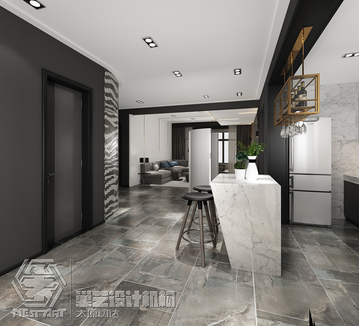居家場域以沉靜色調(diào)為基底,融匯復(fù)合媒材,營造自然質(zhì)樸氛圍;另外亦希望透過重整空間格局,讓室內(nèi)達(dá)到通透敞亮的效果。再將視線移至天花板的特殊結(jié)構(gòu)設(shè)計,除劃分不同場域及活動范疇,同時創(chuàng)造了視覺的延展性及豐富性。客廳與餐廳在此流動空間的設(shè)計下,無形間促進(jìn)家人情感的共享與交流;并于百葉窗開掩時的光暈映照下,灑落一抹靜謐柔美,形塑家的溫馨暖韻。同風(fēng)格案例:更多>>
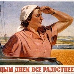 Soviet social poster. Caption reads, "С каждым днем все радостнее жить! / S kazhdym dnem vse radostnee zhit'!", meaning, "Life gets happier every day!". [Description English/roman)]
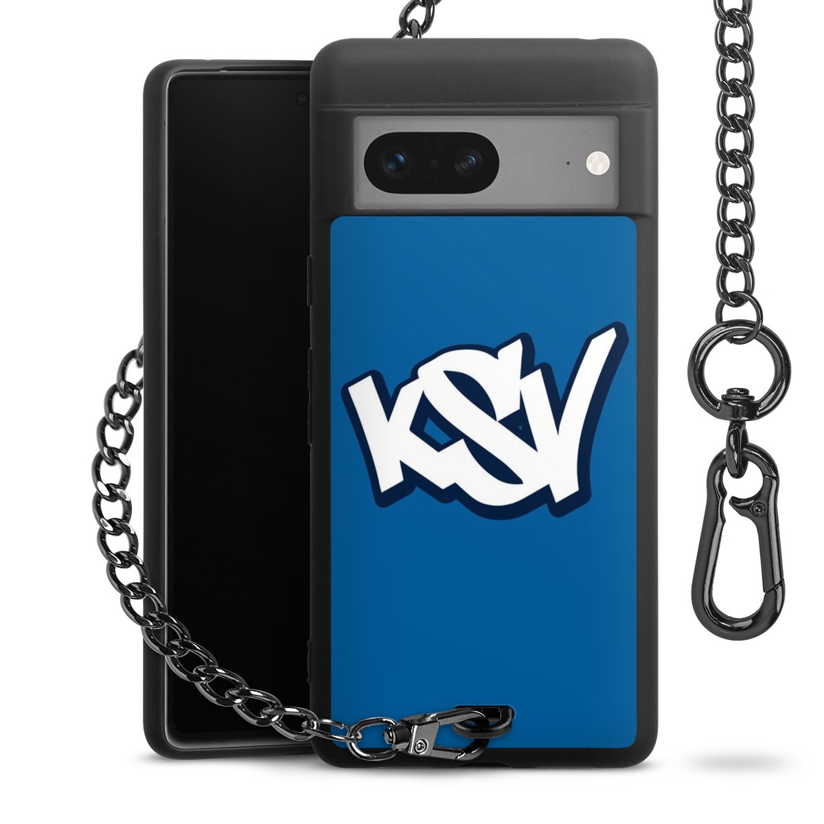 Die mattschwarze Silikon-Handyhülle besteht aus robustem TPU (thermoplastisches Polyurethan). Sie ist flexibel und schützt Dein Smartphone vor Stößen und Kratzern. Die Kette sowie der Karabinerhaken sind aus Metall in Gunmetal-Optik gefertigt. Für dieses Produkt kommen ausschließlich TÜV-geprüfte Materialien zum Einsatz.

# # # # # # #

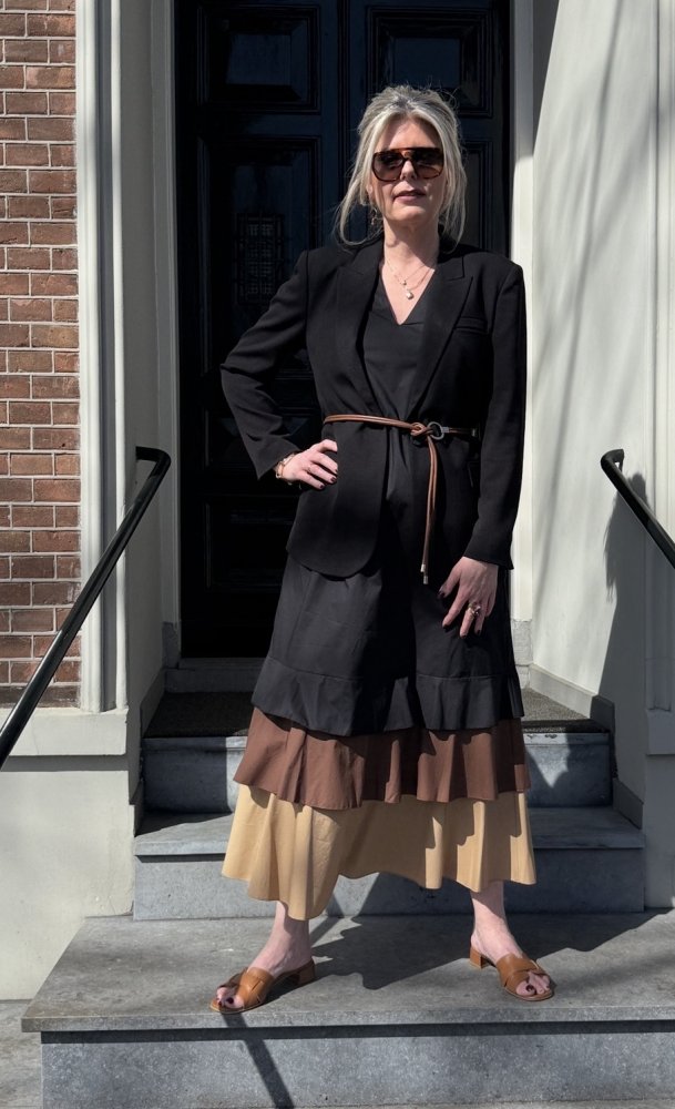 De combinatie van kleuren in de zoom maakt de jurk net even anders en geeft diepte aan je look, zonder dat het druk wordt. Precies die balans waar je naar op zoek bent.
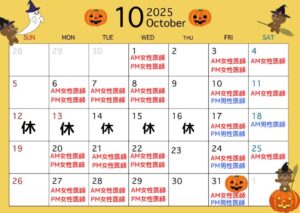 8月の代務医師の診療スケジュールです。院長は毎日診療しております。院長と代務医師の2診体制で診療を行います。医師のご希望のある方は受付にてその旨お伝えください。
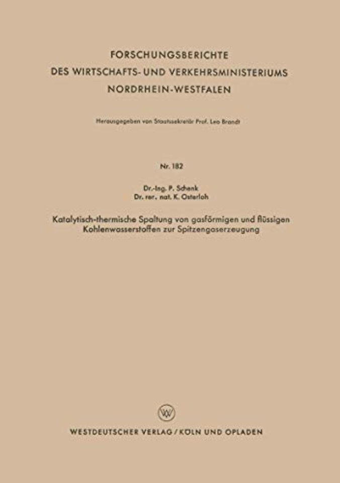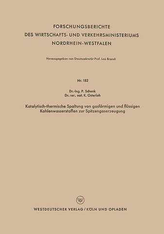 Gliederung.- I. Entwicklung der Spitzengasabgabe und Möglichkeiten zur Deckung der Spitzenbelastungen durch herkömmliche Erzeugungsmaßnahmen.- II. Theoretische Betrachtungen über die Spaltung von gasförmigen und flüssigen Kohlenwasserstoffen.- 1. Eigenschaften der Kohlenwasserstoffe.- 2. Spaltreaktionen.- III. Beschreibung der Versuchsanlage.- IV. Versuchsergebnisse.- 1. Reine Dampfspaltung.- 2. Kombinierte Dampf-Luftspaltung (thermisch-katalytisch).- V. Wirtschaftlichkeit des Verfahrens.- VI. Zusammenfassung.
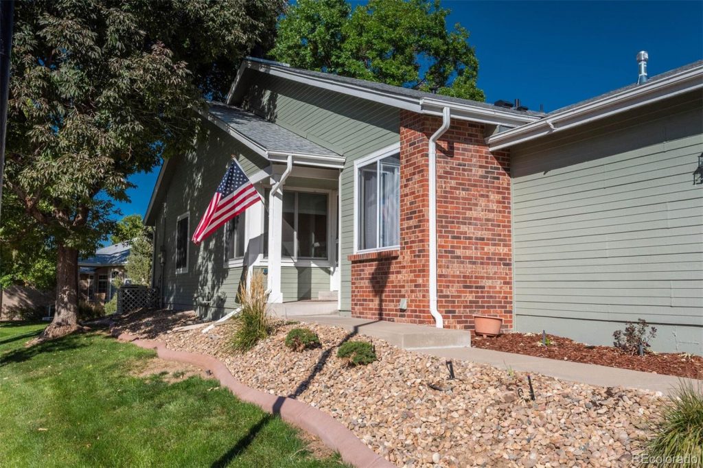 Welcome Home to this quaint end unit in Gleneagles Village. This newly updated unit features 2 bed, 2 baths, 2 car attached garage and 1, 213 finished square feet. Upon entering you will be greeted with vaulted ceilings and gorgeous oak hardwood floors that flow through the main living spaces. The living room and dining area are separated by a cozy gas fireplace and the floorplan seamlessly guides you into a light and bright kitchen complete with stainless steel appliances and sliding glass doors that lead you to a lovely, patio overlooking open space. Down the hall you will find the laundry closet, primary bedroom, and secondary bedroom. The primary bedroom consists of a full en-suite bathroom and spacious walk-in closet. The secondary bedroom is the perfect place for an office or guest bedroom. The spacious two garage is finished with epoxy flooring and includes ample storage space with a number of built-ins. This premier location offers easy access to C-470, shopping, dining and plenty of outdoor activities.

# # # # # # #

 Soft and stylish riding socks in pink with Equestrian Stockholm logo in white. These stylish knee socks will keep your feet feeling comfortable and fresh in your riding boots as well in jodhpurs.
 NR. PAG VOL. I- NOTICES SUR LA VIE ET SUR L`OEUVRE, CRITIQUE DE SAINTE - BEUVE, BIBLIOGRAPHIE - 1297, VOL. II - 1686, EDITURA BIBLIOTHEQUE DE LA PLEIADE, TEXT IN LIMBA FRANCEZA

# # # # # # #

## EXERCISE INSTRUCTIONS:
Working from the entries above, reproduce exactly and only the lines beginning with the line that has "De combinatie van" and ending with the line that has "8月の代務医師の診療スケジュ"; omit all pictures.

## SOLVED EXERCISE:
 De combinatie van kleuren in de zoom maakt de jurk net even anders en geeft diepte aan je look, zonder dat het druk wordt. Precies die balans waar je naar op zoek bent.
 8月の代務医師の診療スケジュールです。院長は毎日診療しております。院長と代務医師の2診体制で診療を行います。医師のご希望のある方は受付にてその旨お伝えください。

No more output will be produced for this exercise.